> Requirement
The entries below should be given again exactly, minus their pictures.

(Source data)
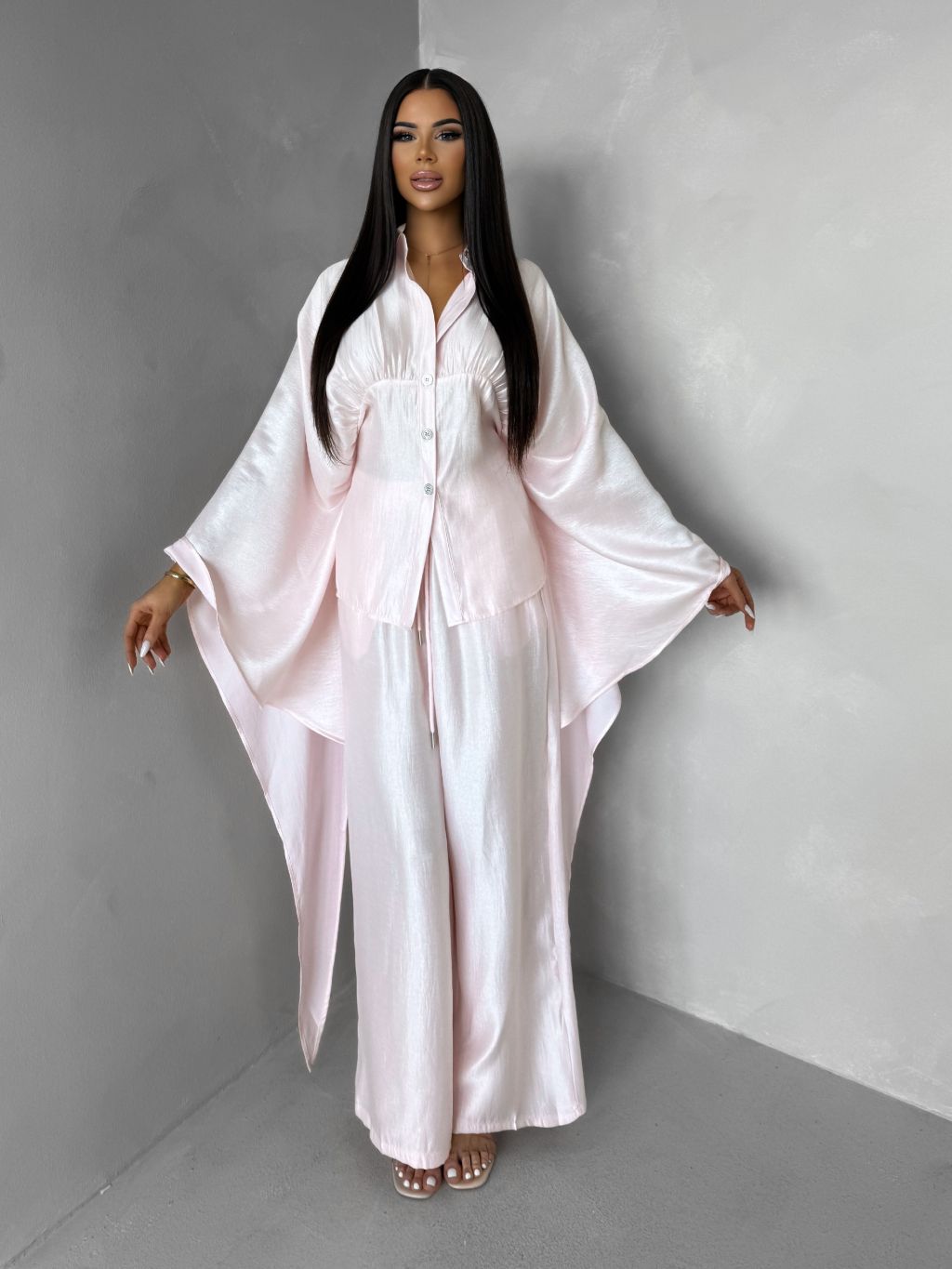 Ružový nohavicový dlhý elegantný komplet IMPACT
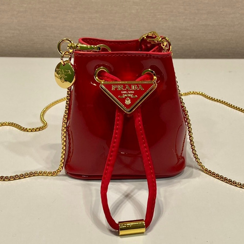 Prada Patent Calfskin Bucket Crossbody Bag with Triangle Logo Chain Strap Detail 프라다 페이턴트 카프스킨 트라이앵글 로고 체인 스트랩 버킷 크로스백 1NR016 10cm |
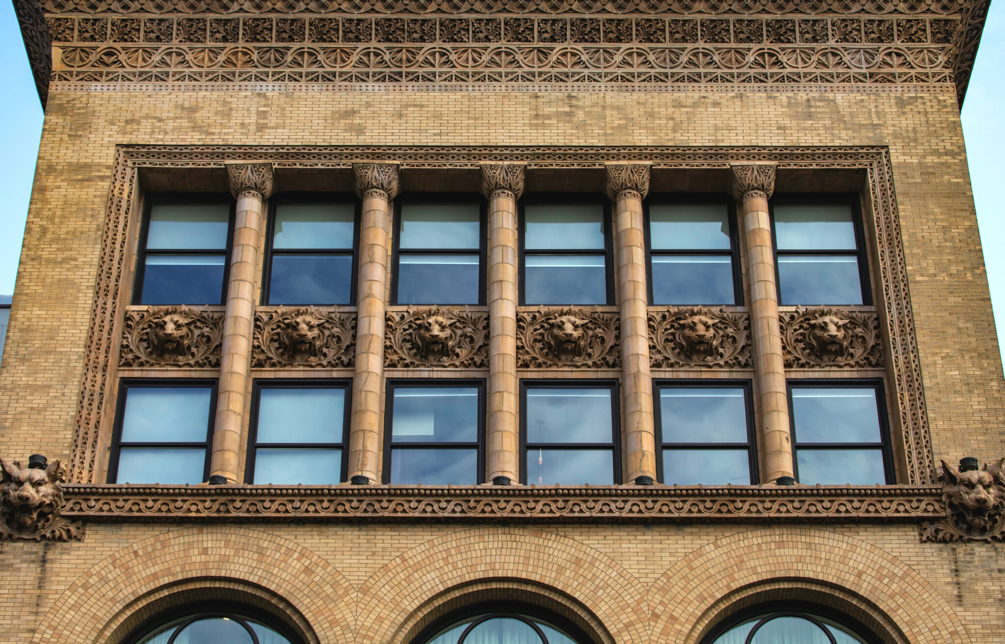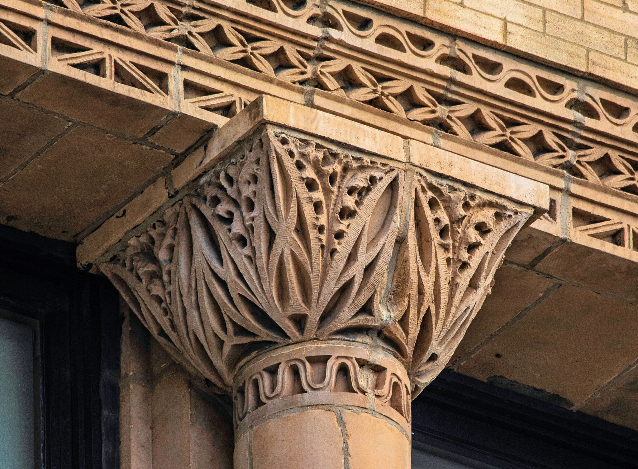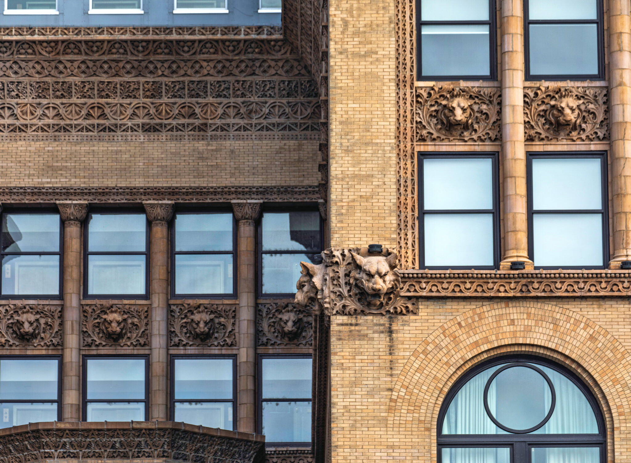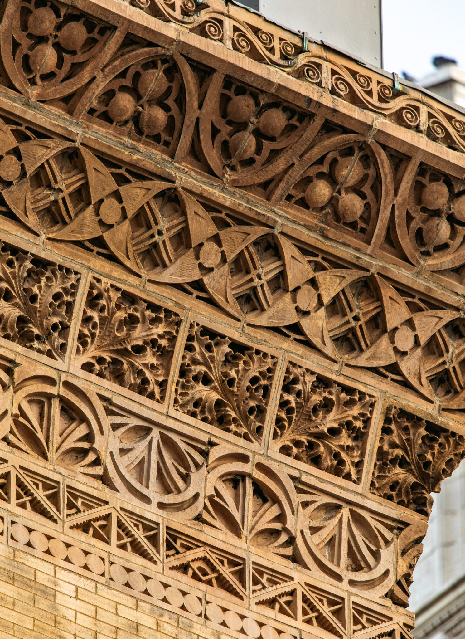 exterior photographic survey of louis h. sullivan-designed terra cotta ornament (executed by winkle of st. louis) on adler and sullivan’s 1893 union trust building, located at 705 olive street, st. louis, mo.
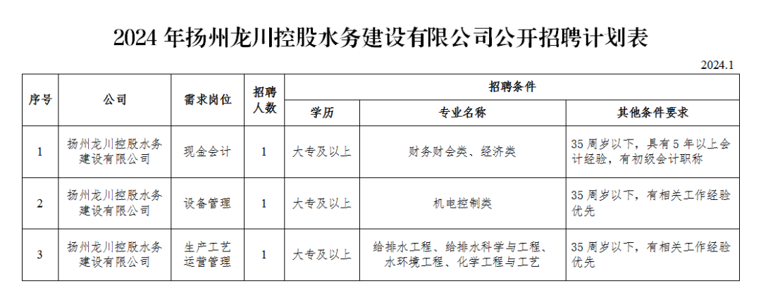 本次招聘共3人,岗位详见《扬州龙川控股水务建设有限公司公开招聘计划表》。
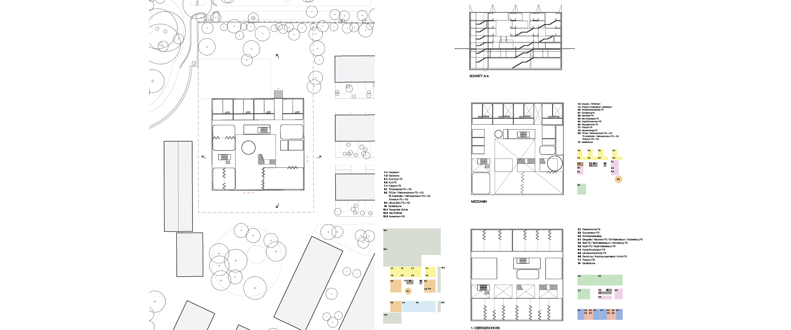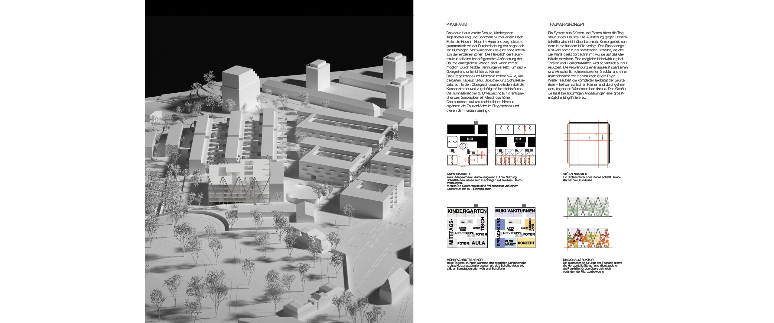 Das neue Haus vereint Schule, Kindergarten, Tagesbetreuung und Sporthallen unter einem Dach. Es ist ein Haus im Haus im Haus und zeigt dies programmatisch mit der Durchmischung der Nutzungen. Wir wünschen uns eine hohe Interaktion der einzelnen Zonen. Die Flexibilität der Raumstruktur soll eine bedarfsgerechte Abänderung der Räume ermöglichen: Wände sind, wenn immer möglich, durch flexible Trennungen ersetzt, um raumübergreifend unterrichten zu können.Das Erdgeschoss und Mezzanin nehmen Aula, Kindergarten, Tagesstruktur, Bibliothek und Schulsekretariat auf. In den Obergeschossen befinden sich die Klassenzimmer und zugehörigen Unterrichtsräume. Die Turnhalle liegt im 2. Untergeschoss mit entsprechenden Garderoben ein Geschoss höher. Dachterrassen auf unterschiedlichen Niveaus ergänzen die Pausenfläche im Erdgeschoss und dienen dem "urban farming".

> The answer
 Ružový nohavicový dlhý elegantný komplet IMPACT
 Prada Patent Calfskin Bucket Crossbody Bag with Triangle Logo Chain Strap Detail 프라다 페이턴트 카프스킨 트라이앵글 로고 체인 스트랩 버킷 크로스백 1NR016 10cm |
 exterior photographic survey of louis h. sullivan-designed terra cotta ornament (executed by winkle of st. louis) on adler and sullivan’s 1893 union trust building, located at 705 olive street, st. louis, mo.
 本次招聘共3人,岗位详见《扬州龙川控股水务建设有限公司公开招聘计划表》。
 Das neue Haus vereint Schule, Kindergarten, Tagesbetreuung und Sporthallen unter einem Dach. Es ist ein Haus im Haus im Haus und zeigt dies programmatisch mit der Durchmischung der Nutzungen. Wir wünschen uns eine hohe Interaktion der einzelnen Zonen. Die Flexibilität der Raumstruktur soll eine bedarfsgerechte Abänderung der Räume ermöglichen: Wände sind, wenn immer möglich, durch flexible Trennungen ersetzt, um raumübergreifend unterrichten zu können.Das Erdgeschoss und Mezzanin nehmen Aula, Kindergarten, Tagesstruktur, Bibliothek und Schulsekretariat auf. In den Obergeschossen befinden sich die Klassenzimmer und zugehörigen Unterrichtsräume. Die Turnhalle liegt im 2. Untergeschoss mit entsprechenden Garderoben ein Geschoss höher. Dachterrassen auf unterschiedlichen Niveaus ergänzen die Pausenfläche im Erdgeschoss und dienen dem "urban farming".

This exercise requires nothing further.